WHAT THE TASK ASKS - What is needed is an exact copy of the lines from the one containing "CTS晶振,石英晶振,ATS-ATSSMTS晶振,石英貼片晶振" through the last line of the records, with no pictures.

PROVIDED INFORMATION Start Marker

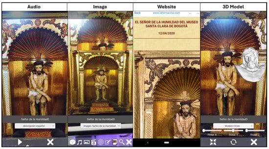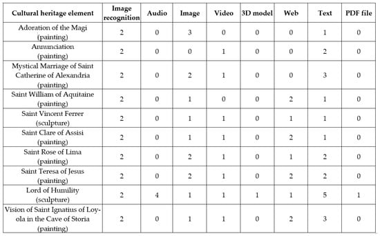 From the analysis of these studies, the types of media used to represent heritage content in augmented reality were identified, as presented in Table 1. The analysis reveals that none of these studies use PDF files, while the most-employed media are texts. For example, the related works [,] use 3D models to reconstruct elements that have disappeared or are degraded, complementing information that would not be possible to visualize with other types of media. In the case of videos, the related works [,,] use them to provide details about artworks displayed in museums.
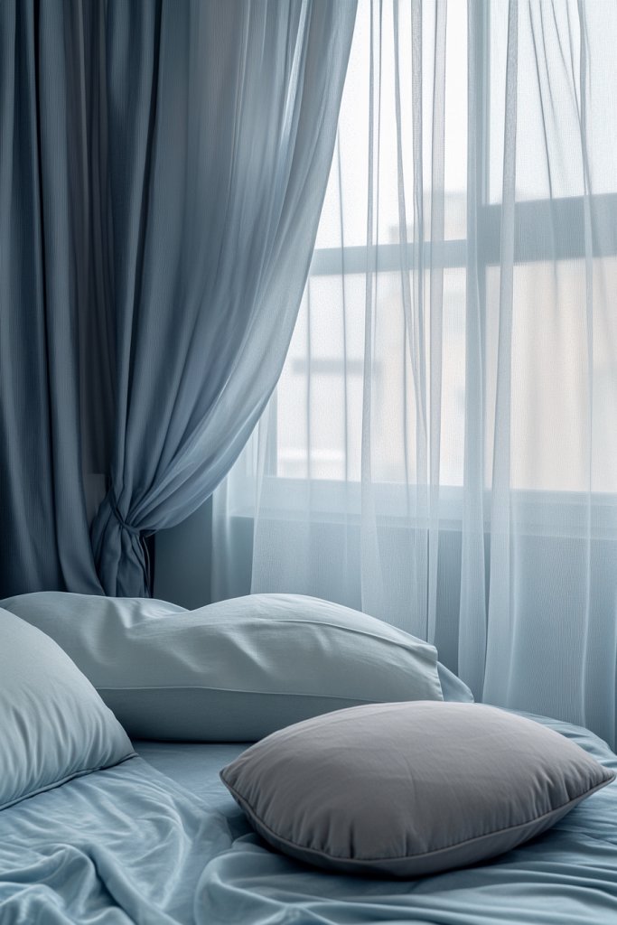 Choose lightweight linen or cotton for a breezy vibe, or opt for textured fabrics like boucle or velvet for warmth and luxury. Layer sheer curtains with blackout shades for versatility—perfect for sleeping or daytime lounging. Consider color coordination with your bedding or wall color for a unified look. Select minimal hardware—like slim rods or discreet brackets—to keep the look sleek and space-efficient.
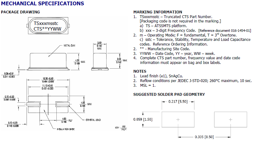 CTS晶振,石英晶振,ATS-ATSSMTS晶振,石英貼片晶振
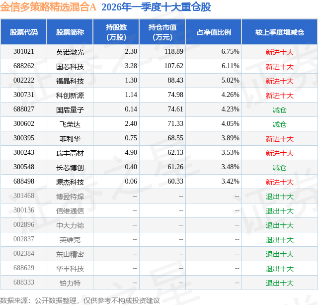 从基金规模来看,金信多策略精选混合A基金2026年一季度公布的基金规模为0.12亿元,较上一期规模2232.05万元变化了-1015.42万元,环比变化了-45.49%。该基金最新一期资产配置为:股票占净值比86.48%,无债券类资产,现金占净值比12.23%。从基金持仓来看,该基金当季前十大股票仓位达44.74%,第一大重仓股为英诺激光(301021),持仓占比为6.75%。
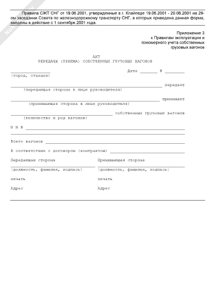 Акт передачи (приема) собственных грузовых вагонов
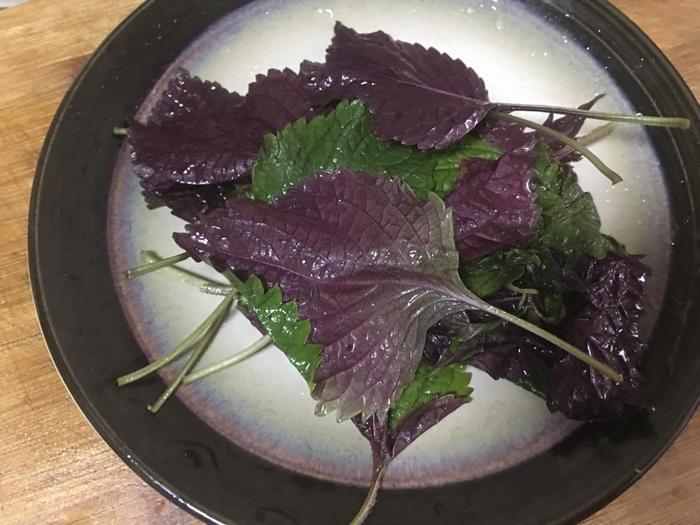 3、将紫苏叶摘下,清洗干净备用。

PROVIDED INFORMATION End Marker

RESULT BELOW -
 CTS晶振,石英晶振,ATS-ATSSMTS晶振,石英貼片晶振
 从基金规模来看,金信多策略精选混合A基金2026年一季度公布的基金规模为0.12亿元,较上一期规模2232.05万元变化了-1015.42万元,环比变化了-45.49%。该基金最新一期资产配置为:股票占净值比86.48%,无债券类资产,现金占净值比12.23%。从基金持仓来看,该基金当季前十大股票仓位达44.74%,第一大重仓股为英诺激光(301021),持仓占比为6.75%。
 Акт передачи (приема) собственных грузовых вагонов
 3、将紫苏叶摘下,清洗干净备用。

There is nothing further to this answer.